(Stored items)
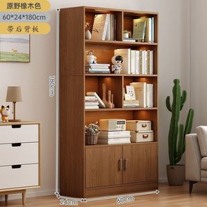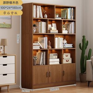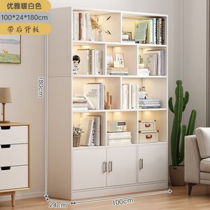 分层书架置物架落地收纳架客厅靠墙储物柜子卧室家用墙边带门书柜
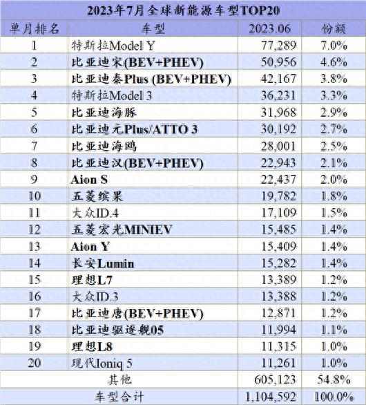 具體而言,在熱銷(xiāo)車(chē)型TOP20中,作為特斯拉當(dāng)前最得力的銷(xiāo)量支柱,7月Model Y又一次刷新季度初月份的最好成績(jī),以7.7萬(wàn)輛牢牢守住單月銷(xiāo)量冠軍的寶座,遙遙領(lǐng)先于身后的比亞迪宋和比亞迪秦Plus。
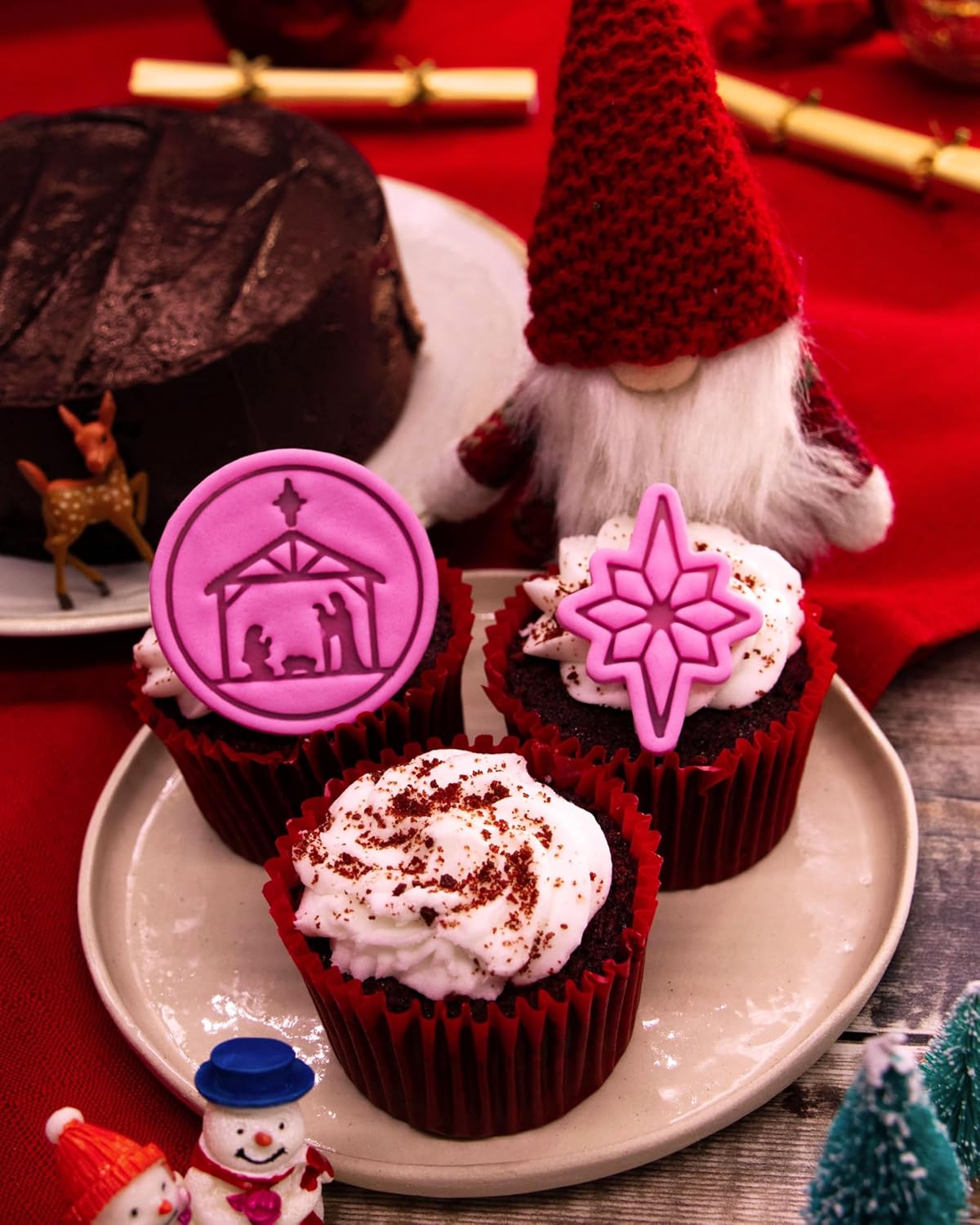 BAKERLOGY Holy Night – Mini Nativity Scene & Star of Bethlehem Cookie Cutter and Stamp Set (2") – Traditional Christmas Symbols for Holiday Baking and Seasonal Crafts
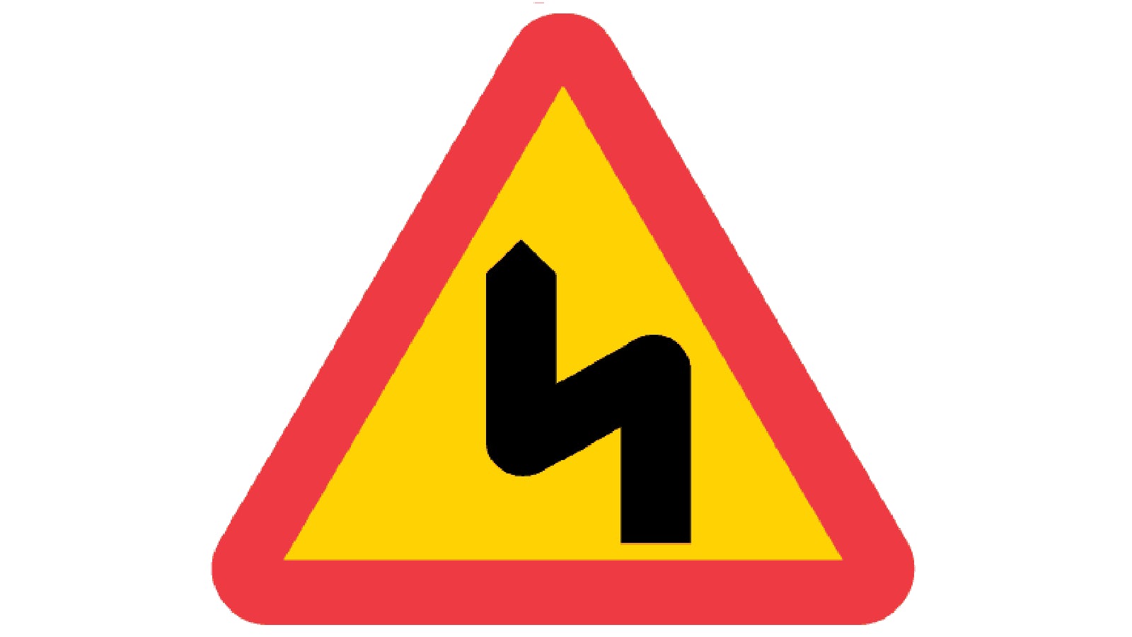 Varning för flera farliga kurvor. Varningsmärket varnar för att det kommer flera farliga kurvor framöver. Vägmärket anger även den första farliga kurvans riktning, i detta fall till vänster.
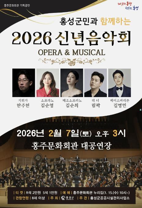 [뉴스노크=김인호 기자] 홍성군 홍주문화회관은 내달 7일 오후 3시에 ‘홍성군민과 함께하는 2026 신년음악회’를 개최한다고 밝혔다. 이번 음악회는 병오년 새해를 맞아 오페라와 뮤지컬 넘버를 아우르는 다채로운 프로그램으로 관객들과 만날 예정이다.
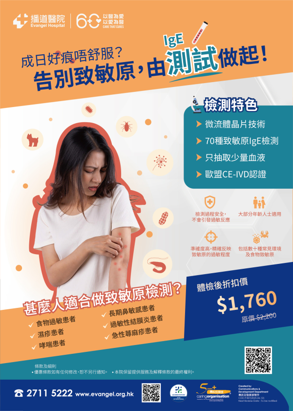 Do you frequently suffer from nasal allergies, itchy skin, or red, swollen eyes? Allergies are one of the most common chronic conditions in Hong Kong, significantly impacting patients' quality of life, work, and academic performance. Through the IgE Allergy Test, you can accurately identify various allergy triggers, such as pollen, mold, food, and animal dander. With just a small blood sample, you can obtain a detailed report, providing a scientific basis for your treatment plan.
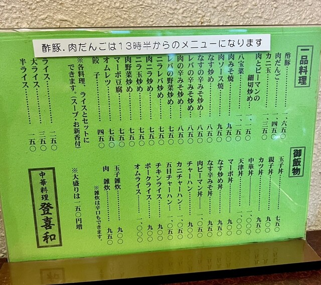 登喜和には中華メニューとオムライスを
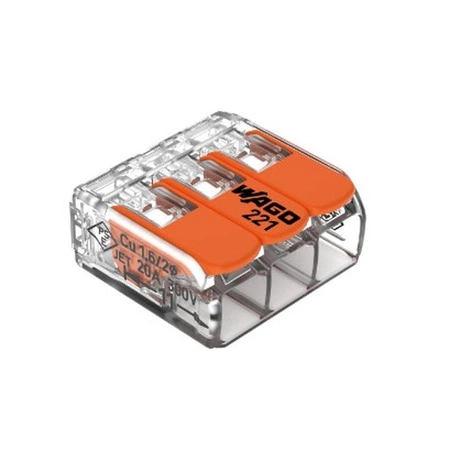 Szybkozłączka Wago 221-413 – przeźroczysty pewniak 3 × 0,14-4 mm2, który łączy linkę i drut w mgnieniu oka
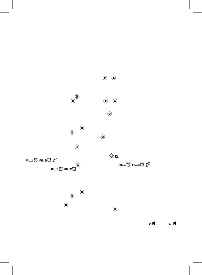 S postopnim pritiskom na tipko aktivirate budilko 1 (AL1); budilko 2 (AL2); ali obe budilki hkrati
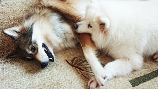 Просто любимые собаки играют дома, просто маленькое счастье.
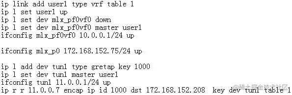 创建一台虚拟机,配置虚拟机地址为10.0.0.75,具有外部地址2.2.2.11。host创建user1的vrf,创建key 1000的gretap tunnel device tun1。将虚拟机对应的VF representor mlx_pf0vf0和tun1加入到user1 vrf。PF mlx_p0配置underlay地址172.168.152.75/24。PF对端连接物理机网卡配置地址172.168.152.208/24, 创建gretap tunnel tun, tun设备的remote为172.168.152.75,key为1000,设置地址为1.1.1.7。 首先,虚拟机与对端物理机tun设备通过tunnel相互访问:

What you need to do: The response must match the data line for line, from its first line through the line with "Просто любимые собаки", inclusive, and must leave out the pictures.

Answer for this exercise:
 分层书架置物架落地收纳架客厅靠墙储物柜子卧室家用墙边带门书柜
 具體而言,在熱銷(xiāo)車(chē)型TOP20中,作為特斯拉當(dāng)前最得力的銷(xiāo)量支柱,7月Model Y又一次刷新季度初月份的最好成績(jī),以7.7萬(wàn)輛牢牢守住單月銷(xiāo)量冠軍的寶座,遙遙領(lǐng)先于身后的比亞迪宋和比亞迪秦Plus。
 BAKERLOGY Holy Night – Mini Nativity Scene & Star of Bethlehem Cookie Cutter and Stamp Set (2") – Traditional Christmas Symbols for Holiday Baking and Seasonal Crafts
 Varning för flera farliga kurvor. Varningsmärket varnar för att det kommer flera farliga kurvor framöver. Vägmärket anger även den första farliga kurvans riktning, i detta fall till vänster.
 [뉴스노크=김인호 기자] 홍성군 홍주문화회관은 내달 7일 오후 3시에 ‘홍성군민과 함께하는 2026 신년음악회’를 개최한다고 밝혔다. 이번 음악회는 병오년 새해를 맞아 오페라와 뮤지컬 넘버를 아우르는 다채로운 프로그램으로 관객들과 만날 예정이다.
 Do you frequently suffer from nasal allergies, itchy skin, or red, swollen eyes? Allergies are one of the most common chronic conditions in Hong Kong, significantly impacting patients' quality of life, work, and academic performance. Through the IgE Allergy Test, you can accurately identify various allergy triggers, such as pollen, mold, food, and animal dander. With just a small blood sample, you can obtain a detailed report, providing a scientific basis for your treatment plan.
 登喜和には中華メニューとオムライスを
 Szybkozłączka Wago 221-413 – przeźroczysty pewniak 3 × 0,14-4 mm2, który łączy linkę i drut w mgnieniu oka
 S postopnim pritiskom na tipko aktivirate budilko 1 (AL1); budilko 2 (AL2); ali obe budilki hkrati
 Просто любимые собаки играют дома, просто маленькое счастье.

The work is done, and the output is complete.